→ **EXERCISE DATA**
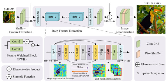 The overall structure of the DRFAN is illustrated in Figure 1 and primarily comprises three parts: shallow feature extraction, deep feature extraction, and image reconstruction. Specifically, the deep feature extraction module (referred to as the DRFG network) is composed of multiple Mamba-like linear attention (MLLA) blocks, a Grid Attention Block (GAB) [39], and residual structures. We will elaborate on these methods in the following sections.
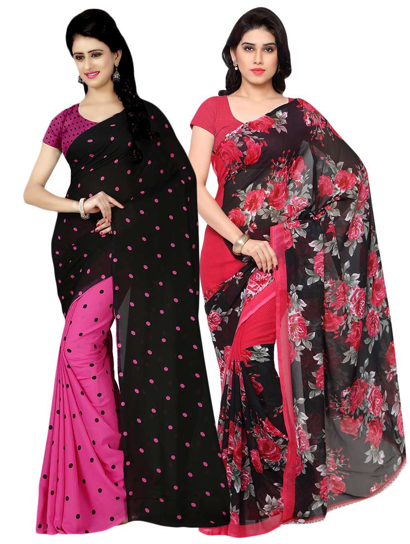 set of 2 multicolor printed saree combo with blouse - 16426481 - Very Small Image - 1
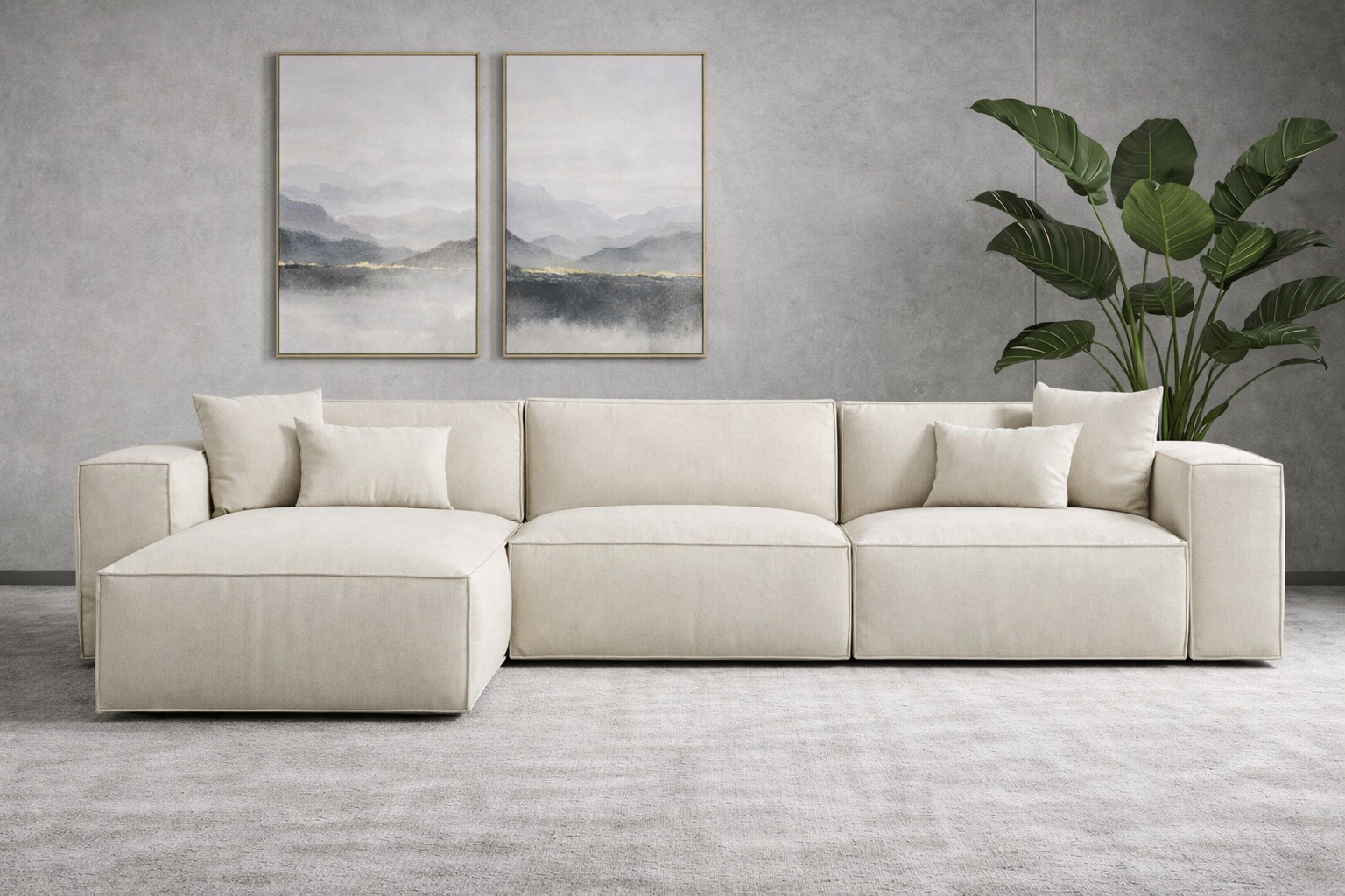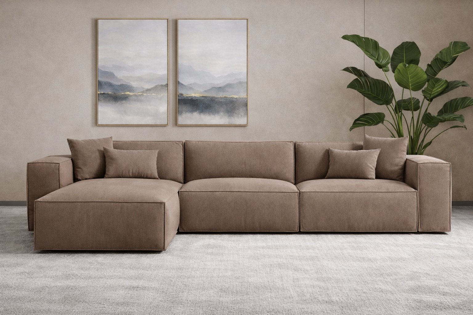 The Noah L Shape Sofa is a contemporary, stylish sectional designed to offer both comfort and aesthetic appeal.

→ **EXERCISE INSTRUCTIONS**
Repeat verbatim the lines from the one holding "set of 2 multicolor" through the end of the listing above, both ends included, but not the pictures.

→ **ANSWER BELOW**
 set of 2 multicolor printed saree combo with blouse - 16426481 - Very Small Image - 1
 The Noah L Shape Sofa is a contemporary, stylish sectional designed to offer both comfort and aesthetic appeal.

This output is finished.